Simulates electrostatic discharge events directly to the product, or to a nearby conductive surface.
The ESD test requires that discharges be made to all exposed surfaces of the EUT, including connector back shells. Contact discharge is to the conducting surfaces of the product and air gap discharges are to non-conducting surfaces. The test also requires that contact discharges be made to a horizontal reference plane and vertical reference plane at locations 10cm from the front, rear and sides of the EUT. The ESD Simulators/Generators/Guns can be used for ESD Testing.
Typical rise time of the ESD pulse waveform is approximately 0.7 - 1nS with a hold time of 30 - 60 nS. (See image)
The test simulates ESD events that occur when the user touches the equipment under test or nearby metallic objects (e.g. filing cabinets). The test levels for both the heavy industrial and light industrial/commercial/residential standards are ±2kV and ±4kV for the contact discharge method and ±2kV, ±4kV, and ±8kV for the air gap discharge method.
A transient event is a short-lived burst of energy in a system caused by a sudden change of state. The source of the transient energy may be an internal event or a nearby event. The energy then couples to other parts of the system, typically appearing as a short burst of oscillation.
In electrical and electronic engineering such electromagnetic pulses (EMP) occur internally as the result of the operation of switching devices. Engineers use voltage regulators and surge protectors to prevent transients in electricity from affecting delicate equipment. External sources include lightning (LEMP), electrostatic discharge (ESD) and nuclear EMP (NEMP).
Within Electromagnetic compatibility testing, transients are deliberately administered to electronic equipment for testing their performance and resilience to transient interference. Many such tests administer the induced fast transient oscillation directly, in the form of a damped sine wave, rather than attempt to reproduce the original source. International standards define the magnitude and methods used to apply them.
Simulates high frequency electrical disturbance on power and signal lines due to the switching of inductive loads on the AC line.
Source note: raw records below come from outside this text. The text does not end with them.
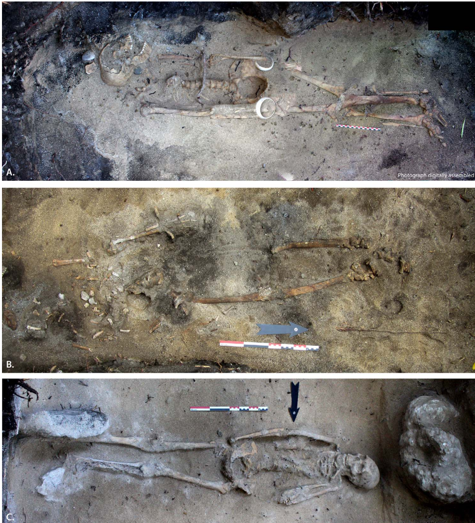
Fig. 4. Burials from Aniwa, all in extended position: (A) Burial 1 at Nakmaroro; (B) Burial 2 at Nakmaroro; (C) Burial 3 at Mission Terrace.

wall of the pit. A large block of coral measuring 50 cm long and 30 cm high that was situated about 20 cm above the skull probably contributed to the layout of the tomb, which was completed by a small fire feature (ca. 30 cm diameter) placed just above the feet and visible at 80 cm below surface.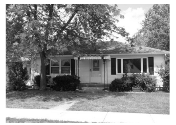
2604 Milburn – Before (meth house)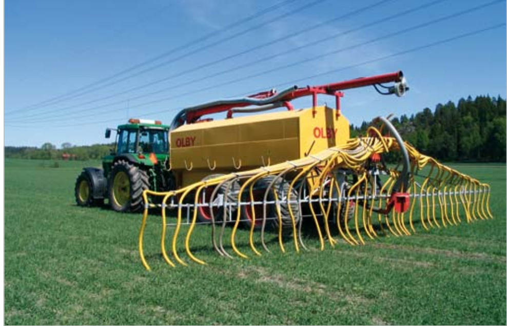
Figure 16: Large scale application of urine using a slurry spreader with trailing hoses.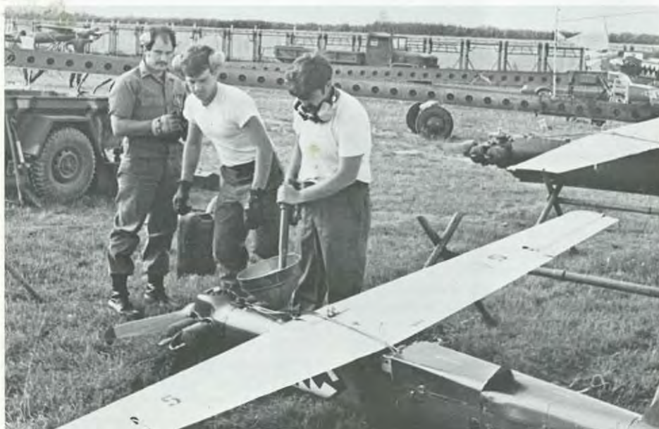
FUELING THE 'CAT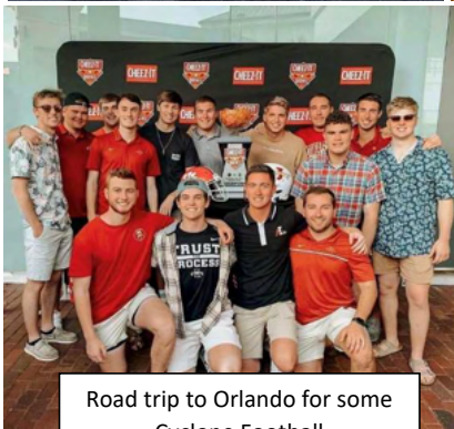
Road trip to Orlando for some Cyclone Football

The test waveform consists of a 15ms burst of pulses at 300ms intervals. The pulses have a rise time of 5ns and a dwell time of 50ns, with a repetition rate of 5 kHz.
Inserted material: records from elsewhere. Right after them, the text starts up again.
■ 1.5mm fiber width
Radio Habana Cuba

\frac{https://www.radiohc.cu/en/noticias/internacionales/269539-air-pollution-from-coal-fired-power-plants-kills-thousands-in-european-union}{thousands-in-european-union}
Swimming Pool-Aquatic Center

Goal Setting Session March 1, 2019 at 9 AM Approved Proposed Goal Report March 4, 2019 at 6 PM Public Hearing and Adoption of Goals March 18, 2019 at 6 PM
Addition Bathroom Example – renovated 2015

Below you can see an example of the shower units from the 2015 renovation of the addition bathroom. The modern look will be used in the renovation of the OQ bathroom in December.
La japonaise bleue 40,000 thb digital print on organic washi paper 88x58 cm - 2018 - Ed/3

For heavy industrial equipment the test levels are:
- AC lines; ±2kV
- DC lines;
- ±2kV Signal lines on cables that could be longer than 3m; ±1kV
- Process control lines and measurement lines; ±2kV
Noise is directly injected onto power lines through a capacitor and capacitive coupled onto I/O lines using a coupling trench. DC power ports connected to an AC-DC power adapter are not tested.
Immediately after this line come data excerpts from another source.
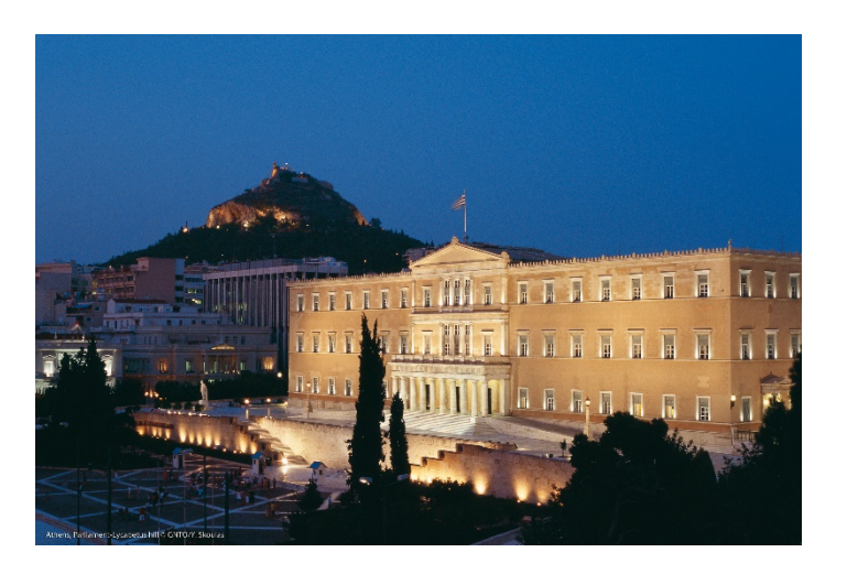
Athens Parliament. Photo Y. Skoulas <a href="http://www.visitgreece.gr/en/downloads/image">http://www.visitgreece.gr/en/downloads/image</a> bank

For information about visiting Greece see: <u>Visit Greece</u> http://www.visitgreece.gr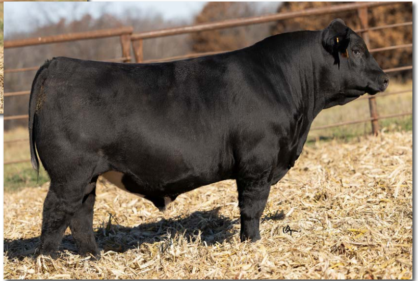
IRON CREEK ZION H003M Sells as Lot 8.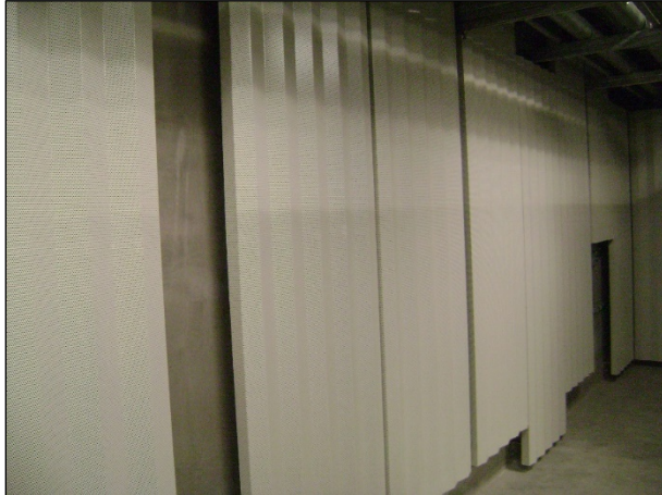
The Apple Valley Sub-Regional wastewater treatment plant uses acoustical paneled walls in the equipment room where noisy blowers are located to minimize noise.

Any unwanted odors generated will be treated by diverting the odorous air to bio-filters that remove the odors.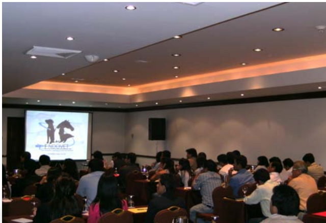
A CE session in Peru

Looking round the world, it's noticeable that our need to provide training in Europe is reducing as most countries here now have veterinary associations capable of providing their own meetings. This is a welcome development, enabling us to devote more resources to other regions.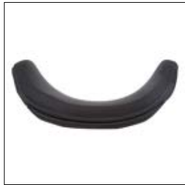
Back support contour: deep (100 mm)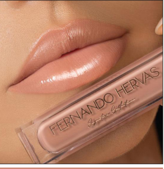
NUDE 2 WARM PEACH NUDE - SILKFCN2LG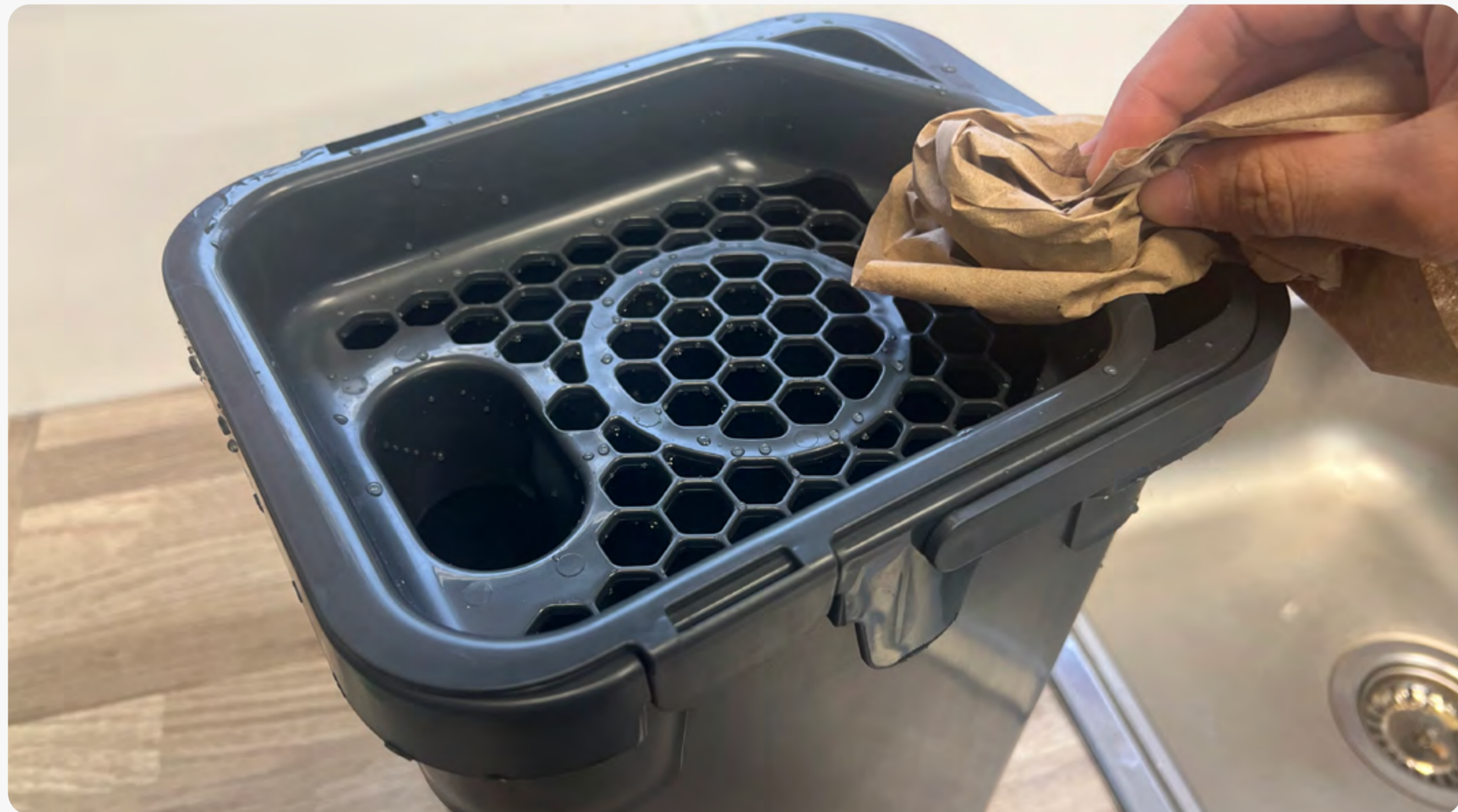
4 Wash the empty liquid bucket until it's clean and wipe it dry.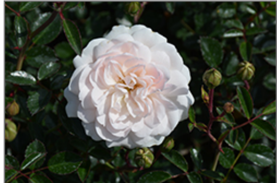
Sea Foam Rose flowers

This shrub will require occasional maintenance and upkeep, and is best pruned in late winter once the threat of extreme cold has passed. It is a good choice for attracting bees to your yard. Gardeners should be aware of the following characteristic(s) that may warrant special consideration;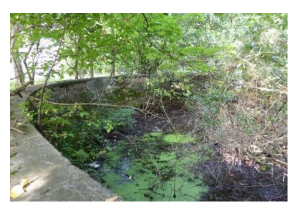
Fig.10. Stone frame around the lake in Murovane of Pustomyty District in Lviv Region

A reconstructed palace in a whole volume remained in the bastion castle in Murovane of Pustomyty District . The road to the castle is steep and passes through the park with old linden trees. Also, a stone frame of the lake remained on the castle territory (fig.10,11). Nowadays, the palace stays without any function and needs restoration works (fig.12).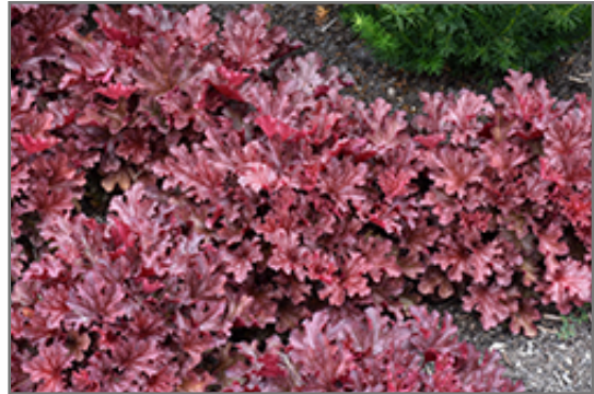
Ruby Tuesday Coral Bells

Ruby Tuesday Coral Bells is recommended for the following landscape applications;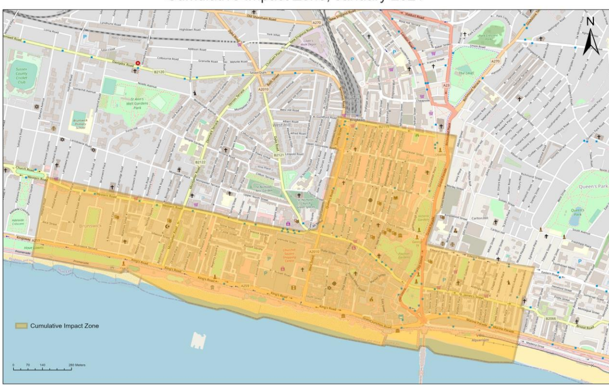
Cumulative Impact Zone, January 2021

3.1.4 This special policy will refer to a Cumulative Impact Zone ("the CIZ") in the Brighton city centre, a detailed plan of which is shown below.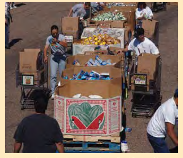
Volunteers from Logistics compete in the Food Boxing Olympics

Feeding New Mexico's hungry is the year-round mission of Roadrunner Food Bank. Sandia National Laboratories/Lockheed Martin provides year-round support. The year began with a $10,000 corporate donation. Corporate food drives brought in 23,000 pounds of food, including 120 turkeys in celebration of Take A Turkey to Work Day. Volunteers stepped in to sort food at the Mail Carrier's Drives and Sortin Sundays and to staff the Souper Bowl fundraiser. Finally, a Sandia team participated in the first annual Food Box-ing Olympics, a competitive event resulting in the packing of 572 special diet food boxes for seniors.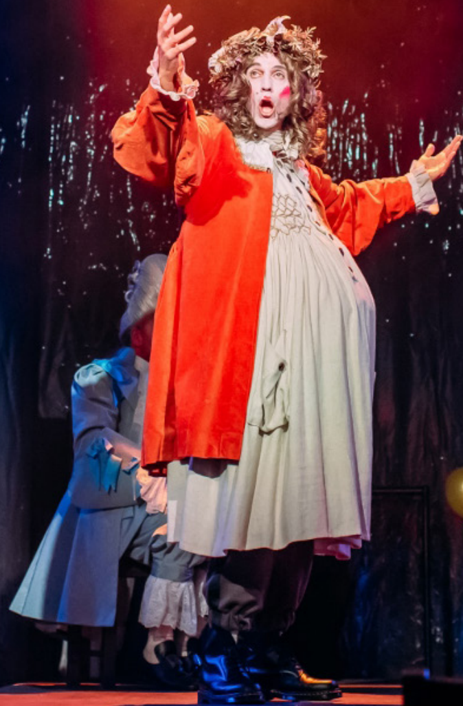
Cyrano de Bergerac.

Surges, or transients, are brief overvoltage spikes or disturbances on a power waveform that can damage, degrade, or destroy electronic equipment within any home, commercial building, industrial, or manufacturing facility. Transients can reach amplitudes of tens of thousands of volts.
Simulates low frequency, high-energy electrical transients on power lines and long distance I/O lines (such as telephone lines) coupled from nearby lightning strikes.
Test is applied to AC and DC power ports. The open circuit signal wave-shape has as 1.2µs rise time and 50µs hold time. Surges are applied in common mode (line-to-ground) and in differential mode (line-to-line). All surges are synchronized to the 0°, 90°, 180° and 270° phase angles of the AC voltage. DC power ports are not tested if they are connected to an AC-DC power adapter, in which case the AC-DC adapter should be submitted for testing.
Test levels for the residential, commercial and light industrial generic standard are 2kV common mode and 1kV differential mode on AC power lines. For DC power lines, the test levels are 0.5kV for both differential and common mode. Although the test is not currently required for the heavy industrial generic standard, it suggests test levels of 4kV common mode and 2kV differential mode.
Simulates brown outs and blackouts on AC power lines.
This test is applied to AC power ports rated at less than 16 amps per phase. All voltage shifts are synchronized to the zero crossing of the AC voltage.
Typical test levels for the generic light industrial standard involve a 30 percent dip in the line voltage for 10ms, 60 percent dip for 100ms and dropout for 5000ms. There are currently no requirements for Heavy Industrial equipment.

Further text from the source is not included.